I don't want to get into a "what is wrong with economics as a discipline" argument, because I have far too much to say there. But I will say that between micro, macro and econometrics, macro is the farthest from reality by far (my program taught pure "Minnesota macro" or "freshwater macro", e.g. DSGE is god). Econometrics varies by program, but in my program it was 100% theory, and that was the problem. The idea of spending an entire year of econometrics in 2011 and not touch a single piece of real data truly pains me.

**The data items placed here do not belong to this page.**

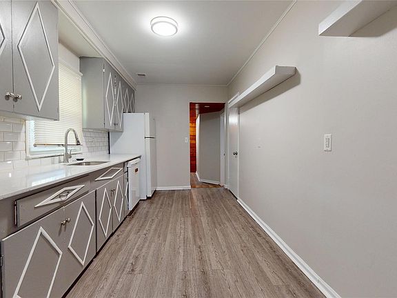 The large first-floor bedroom provides plenty of closet space, while the beautifully updated bathroom includes a modern vanity and finishes. Upstairs, you’ll find another large bedroom with a generous closet. The third bedroom offers private exterior access, making it perfect for a home office or guest suite. There is also convenient access to the attached garage through a hallway with an additional closet for extra storage.
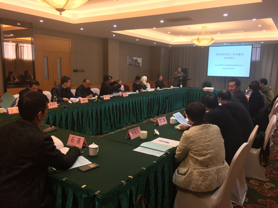 2016年11月2日下午,陕西省农民工领导小组办公室组织召开了“陕西省农民工社会融合评估”项目结题评审会,此项目是陕西省农民工工作领导小组办公室委托社会治理与社会政策协同创新研究中心开展,是国内首次探索对农民工的社会融合进行评估。
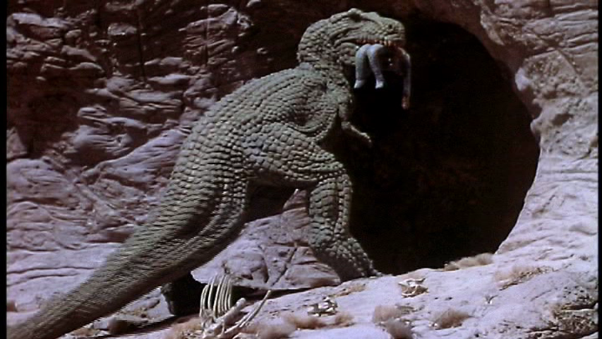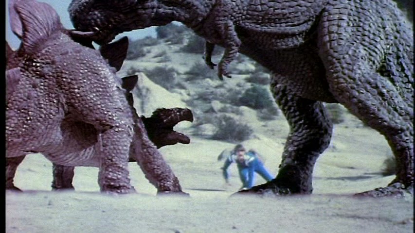 No es gran cosa, cierto, pero es honesta y muy digna y, sobre todo, no engaña a nadie. No había demasiado dinero y supongo que se ha empleado la mayor parte de él en sus stop-motions, que recuerdan una barbaridad a las criaturas del mítico Harryhausen. A ello podemos añadir sus logrados efectos de sonido y visuales. Sí, de acuerdo, las armas que se ven son de chufla, juguetes para niños (de los de antes, que ahora les daría risa), pero la tensión e intriga y peligros nos son mostrados con mucho cariño.
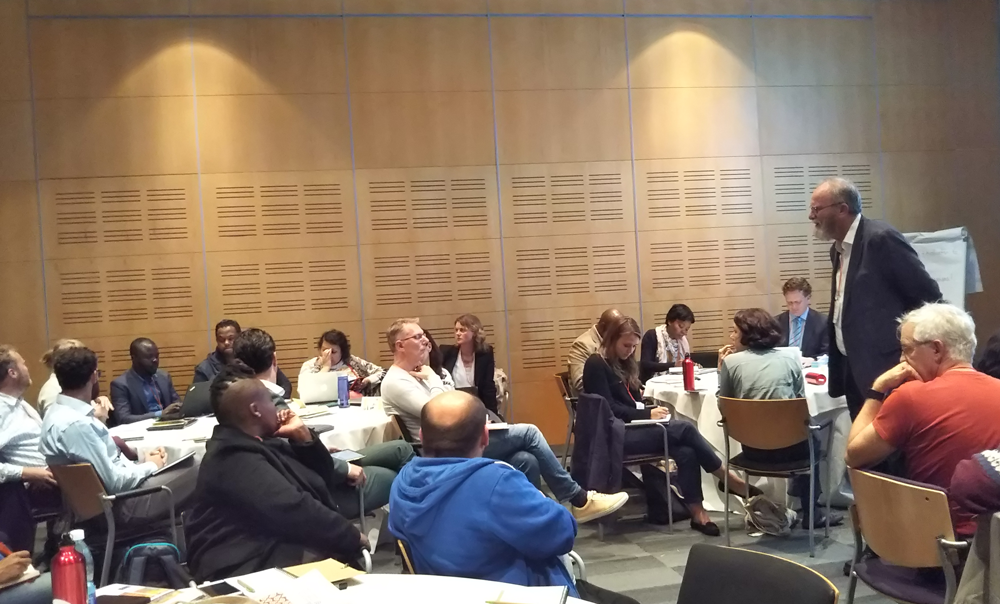 適応の推進において、適応策の実践とリスク評価を反復して行うことの重要性が示され、そのための参加型のリスク評価スキームが説明されました。また、リスク評価で全てが解決するわけではなく、評価結果を活用し、リスクを避け目的を達成するためにどのような対策を行うかを決めることが重要となることが強調されました。その後、タイ、マダガスカル、ベナンでの実例が紹介されました。初日ということもあってか、大勢の参加者が各国の説明を注意深く聞いていました。
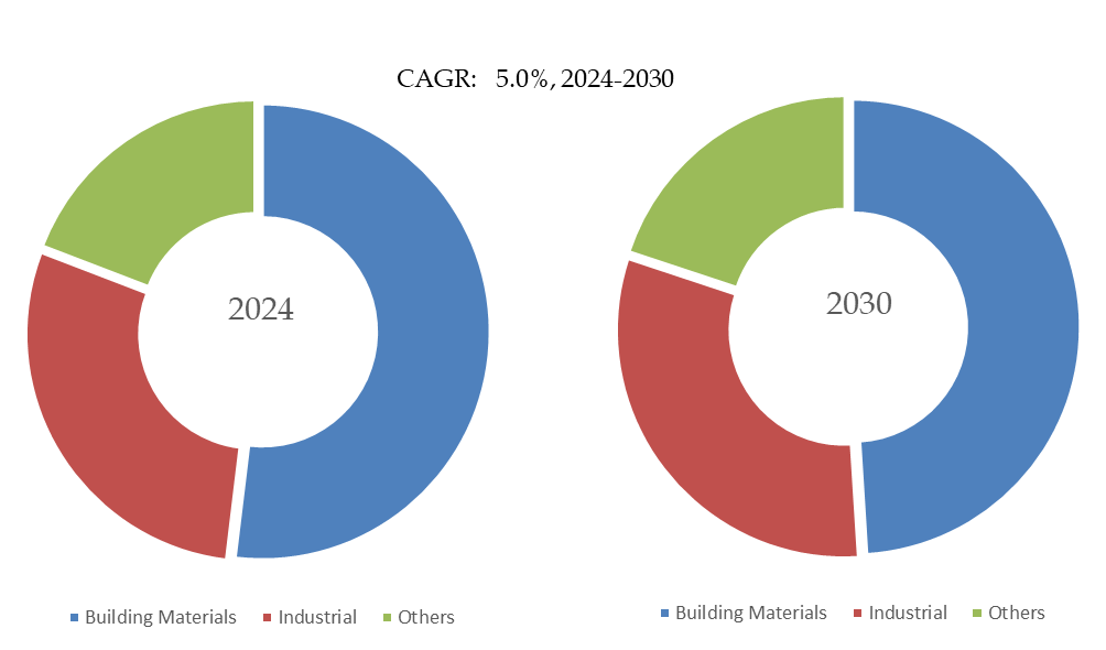 製品用途別では、現在建材が最大のセグメントであり、51.9%のシェアを占めている。
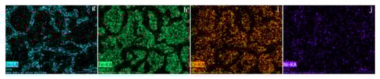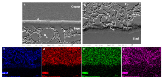 In order to further study the brazed interfaces and the microstructure of seam, high magnification SEM micrograph of microstructures of 12Ag–Cu–Zn–Sn–2In brazing joint and the elements mappings of the interface adjoin 304 stainless steel substrate were used, and the test results are shown in Figure 8. The brazing seam is mainly composed of the bulk grey phases (named as B or F region) and network-like white phases (named as C or E region). According to the results of EDS shown in Table 4 and the elements mapping shown in Figure 8c–j, it was indicated that F and E regions were composed of Cu-rich phase and Ag-rich phase, respectively. Similar results were reported by Cao et al. [20] when the intermetallic compounds formation between brass/steel and Ag–Cu–Zn–Sn filler metal was investigated. In addition, it can be clearly seen from the results of EDS that the content of Ag and Zn in the D region is much lower than that in the A region, which indicates that excellent metallurgical bonding is obtained between the novel brazing alloy and the copper substrate.
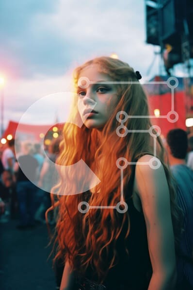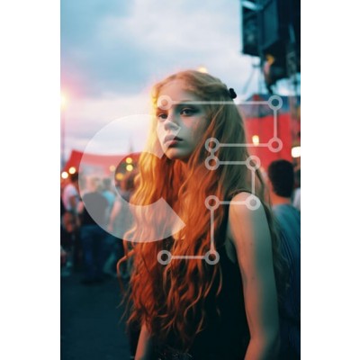 Υπάρχει δυνατότητα προσωποποίησης με δική σας φωτογραφία και προσαρμογής διαστάσεων κατόπιν παραγγελίας. Το συγεκεριμενο puzzle παρουσιαζει Η εικόνα απεικονίζει μια νεαρή γυναίκα με μακριά, κόκκινα μαλλιά να στέκεται στη μέση ενός υπαίθριου πλήθους. Κοιτάζει απευθείας την κάμερα, υποδεικνύοντας την εστίασή της στο περιβάλλον της. Πολλά φώτα περιβάλλουν το κορίτσι, υπονοώντας μια πηγή φωτισμού στη σκηνή. Ένα μοναδ
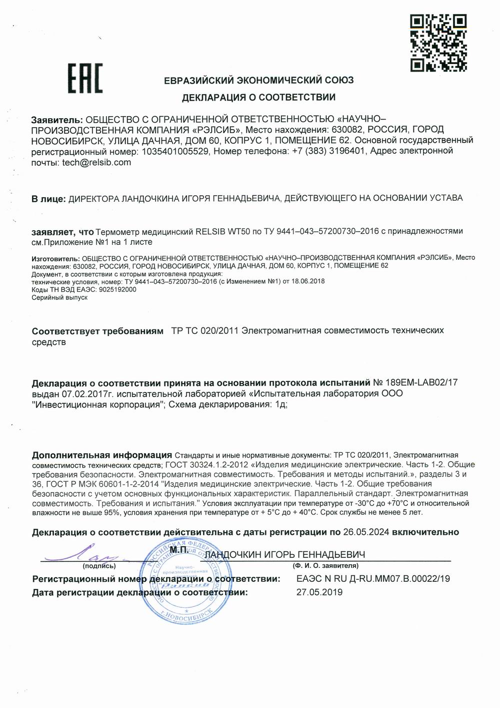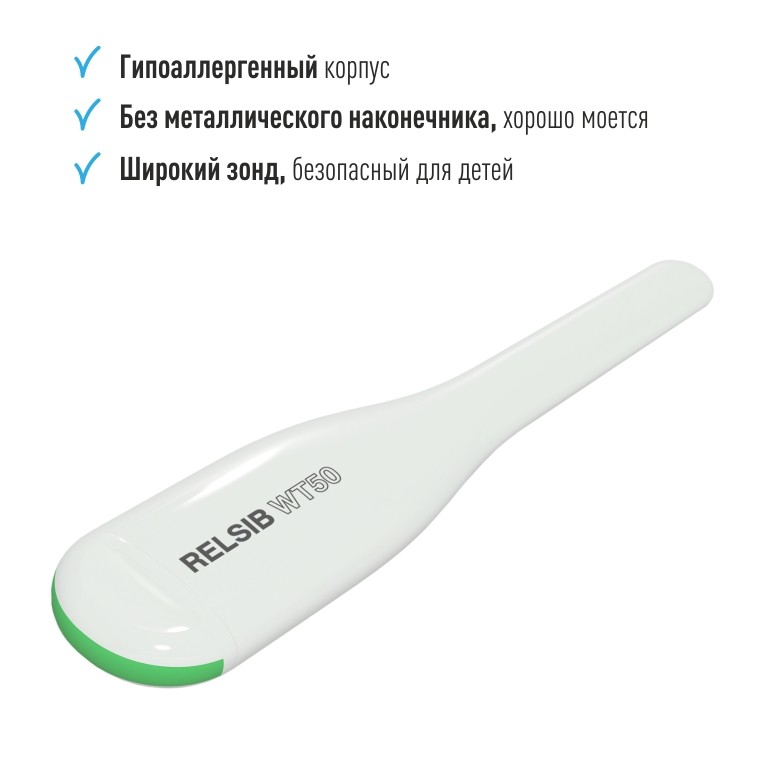 RELSIB WT50 – первый электронный медицинский термометр, разработанный и произведенный в России. Регистрационное удостоверение Минздрава №РЗН 2019/8273.

I learned a lot that year, but it was so hard to find relevancy -- that's why I tried on my own by creating my own large datasets with Python.

However, micro 1 (consumer/producer theory) and micro 2 (game theory) were awesome and are relevant. In game theory, we talked about everything from spying and wars, faking orgasms, cancer cells, penalty kicks, and so on.


Yeah I was thinking of macro in my comments. I'm currently doing an MPP in economic policy (I'm a policy public servant). The great thing about the course is that it's multidisciplinary - we do look at economics, but it keeps coming back to how it is applied in policy.


Game theory was my favorite course in college. I really think it should be offered at more schools to wider audiences; I had to take it as an economics minor elective during summer classes.